И тогда напрашивается вопрос о том, что же всё-таки заставляло его "гнать" по жизни? Сформировавшийся у него в сознании упоминаемый выше бинар спровоцировал образование у него психической установки, в соответствии с которой ему представлялось, что, если он будет медленно работать и терять время на второстепенные, по его мнению, вопросы, к которым как раз и относились всякие дополнительные тематические доработки, контрольные мероприятия и проверочные процедуры, то он вряд ли успеет реализовать за время своей жизни имеющийся у него личный творческий потенциал, то есть в аллегорическом представлении ему виделось, что при условии вялости своих работных усилий его сразу же догонит асфальтовый каток, чтобы закатать его вместе с другими профанирующими простофилями в дорожное полотно, по которому затем будут царственно разъезжать авто хозяев жизни. Так он и мчался по жизни, убегая от мнимого дорожного катка, который, тем не менее, воспринимался им как вполне реальный объект, непрестанно и безостановочно стремящийся настигнуть его, лязгая своим механизмами у него за спиной, повсюду, где бы ему не приходилось производить какие-либо работы.
И всё же, жизнь - есть жизнь: если эфемерный асфальтовый каток имел неограниченный срок службы, то потенции биологического организма Ионы Калистратовича были не беспредельны, что с определённого возраста он стал замечать всё более явно, ибо его жизненные силы стали заметно идти на убыль. При этом его воображение услужливо рисовало перед его внутренним взором картинку с устойчиво сокращающейся дистанцией между бегущим человеком и ускоряющимся дорожным катком...
Как-то раз при очередном посещение его этим несносным сном в сновидении он смог увидеть, как монстр асфальтового катка всё же догнал бегуна, наехав на него всей своей многотонной массой, после чего от человека, так упорно избегавшего в течение всей своей жизни крайне омерзительного закатывания себя в структуру полотна дороги, осталось лишь мокрое пятно на многоцветной палитре дороги, состоящей из миллиардов укатанных до него человеческих особей.
Проснувшись и немного отойдя от приснившегося кошмара, Иона Калистратович отчётливо понял, что его жизнь завершена. От этого понимания он не запаниковал ввиду того, что в своё время прошёл тайный обряд братания со смертью, по причине чего уже продолжительное время не испытывал страха и ужаса от неизбежности своей кончины. Наоборот, он неожиданно ощутил полное удовлетворение собой, и даже радость от того, что всё же очень много успел совершить в жизни при понимании того, что все его труды вершились ради сохранения на планете человеческого вида жизни.

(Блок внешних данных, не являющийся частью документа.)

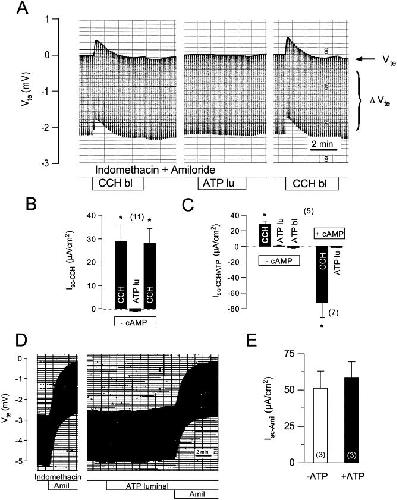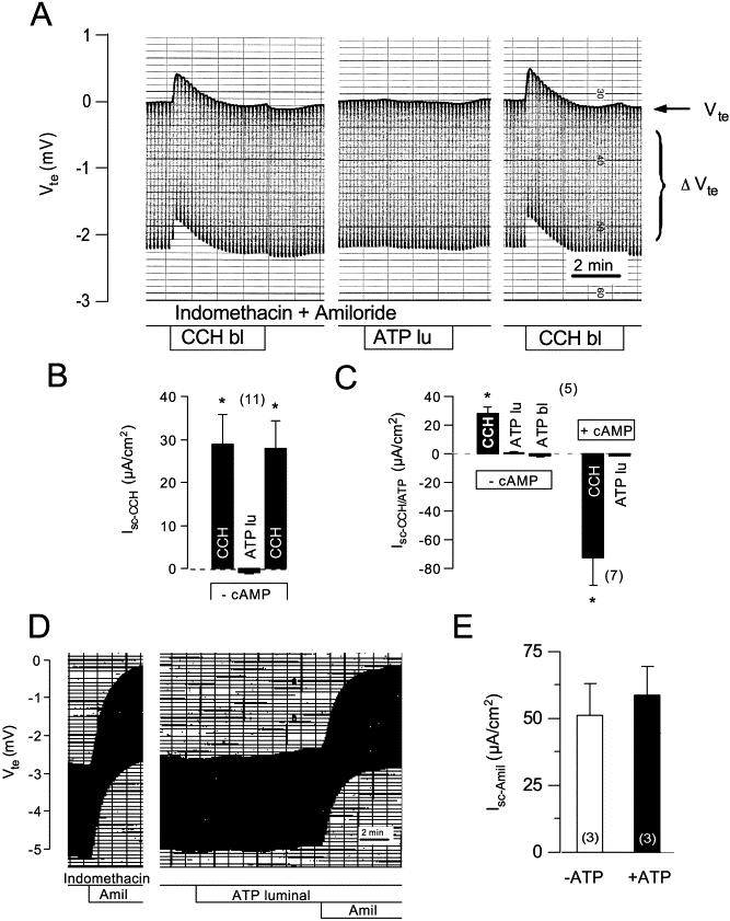 Fig. 6. Transepithelial voltages measured in human colonic biopsies. (A) Continuous recording of the transepithelial voltage (Vte) in human colonic epithelia and effects of stimulation by basolateral carbachol (CCH; 100 μmol/l) and luminal UTP (100 μmol/l). Experiments were performed in the continuous presence of indomethacin and amiloride (both 10 μmol/l). ΔVte=voltage deflection induced by pulsed current injection. (B) Summary of short circuit currents induced by basolateral CCH and luminal ATP in the absence of stimulation by IBMX/forskolin (−cAMP). (C) Summary of short circuit currents induced by basolateral CCH and basolateral or luminal ATP in the absence (−cAMP) or after stimulation by IBMX/forskolin (+cAMP). No effect of ATP on short circuit currents could be detected. (D,E) Missing effect of stimulation by luminal ATP on Isc-Amil. * indicate significant difference from control (paired t-test). (Number of experiments).

Асфальтовый же каток олицетворял для него силы зла, которые всеми возможными способами ежесекундно стремятся уничтожить человечество подчистую, дабы о нём на планете не осталось вообще никаких следов.
В этом отношении ему удалось заставить эти силы долго гоняться за ним, тратить на противодействие ему значительное количество своих, как теперь стало известно, небезмерных ресурсов. Он всегда прекрасно осознавал все перипетии своей борьбы со злом, знал его сильные и слабые стороны, постоянно используя это знание на пользу простым людям, не посвящённым в изуверские планы злыдней по отношению к ним. Да, по своей природе он был бойцом с силами зла, в отличии от всех тех позитивистов, что в пацифистском угаре сознательно ослепляли самих себя мировоззренческим лицемерием при полной блокировке собственного инстинкта самосохранения в следствие своей несусветной глупости, при этом убаюкивая и окружающих сказками о праведности непротивления насилию над человеческим естеством адекватными мерами, после чего трусливо разбегались по своим норам перед победной поступью легионов злыдней.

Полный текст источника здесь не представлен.